→ Collection entries:
···

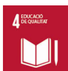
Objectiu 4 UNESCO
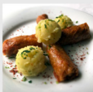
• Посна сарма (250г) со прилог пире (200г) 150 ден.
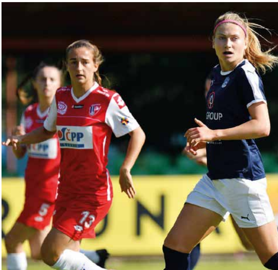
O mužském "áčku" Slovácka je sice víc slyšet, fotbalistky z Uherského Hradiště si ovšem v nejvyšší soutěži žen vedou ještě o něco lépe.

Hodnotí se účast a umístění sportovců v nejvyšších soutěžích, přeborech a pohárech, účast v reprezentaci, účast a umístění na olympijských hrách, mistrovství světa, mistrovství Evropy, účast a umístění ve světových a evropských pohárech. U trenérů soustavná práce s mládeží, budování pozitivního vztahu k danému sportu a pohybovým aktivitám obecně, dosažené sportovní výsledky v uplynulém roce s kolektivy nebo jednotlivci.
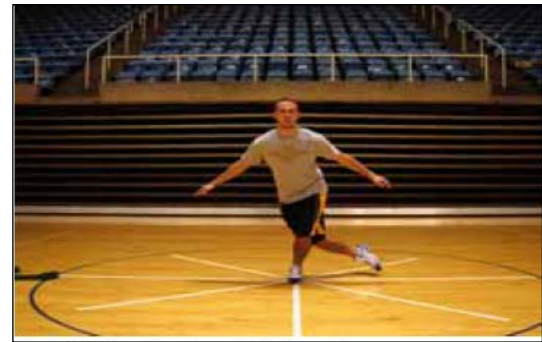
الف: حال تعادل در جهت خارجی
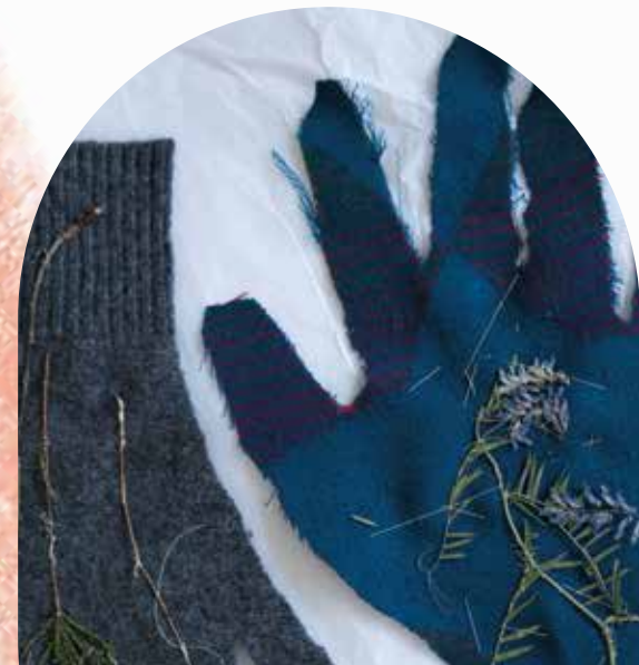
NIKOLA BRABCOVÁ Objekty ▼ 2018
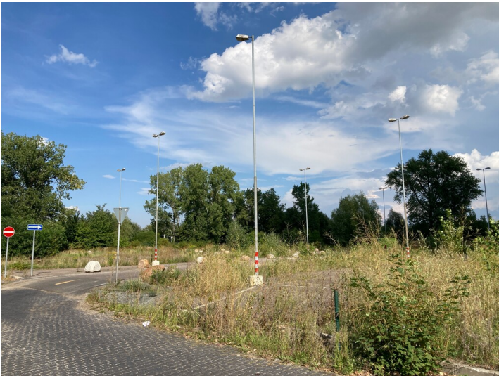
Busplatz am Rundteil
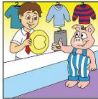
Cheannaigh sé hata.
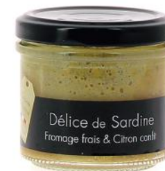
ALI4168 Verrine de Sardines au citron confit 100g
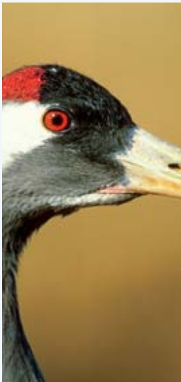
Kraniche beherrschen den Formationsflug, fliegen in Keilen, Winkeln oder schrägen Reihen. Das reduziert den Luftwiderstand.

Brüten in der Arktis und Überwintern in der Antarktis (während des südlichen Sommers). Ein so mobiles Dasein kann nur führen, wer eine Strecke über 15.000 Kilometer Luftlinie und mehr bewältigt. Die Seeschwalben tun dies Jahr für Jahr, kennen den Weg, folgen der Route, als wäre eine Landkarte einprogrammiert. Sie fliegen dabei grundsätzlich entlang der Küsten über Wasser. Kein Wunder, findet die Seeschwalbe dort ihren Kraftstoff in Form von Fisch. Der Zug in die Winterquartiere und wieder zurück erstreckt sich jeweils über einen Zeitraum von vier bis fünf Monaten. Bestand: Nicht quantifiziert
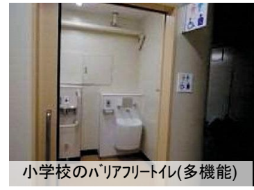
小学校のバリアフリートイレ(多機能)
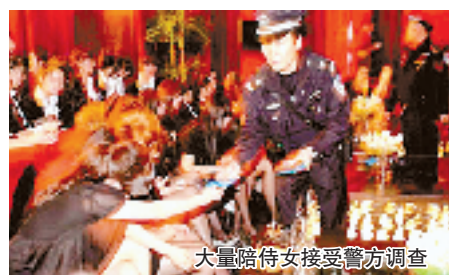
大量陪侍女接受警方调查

···

Your reply should consist solely of the lines above from the line containing "NIKOLA BRABCOVÁ Objekty ▼ 2018" up to and including the line containing "Kraniche beherrschen den", reproduced exactly, minus the pictures.

→ TASK OUTPUT:
NIKOLA BRABCOVÁ Objekty ▼ 2018
Busplatz am Rundteil
Cheannaigh sé hata.
ALI4168 Verrine de Sardines au citron confit 100g
Kraniche beherrschen den Formationsflug, fliegen in Keilen, Winkeln oder schrägen Reihen. Das reduziert den Luftwiderstand.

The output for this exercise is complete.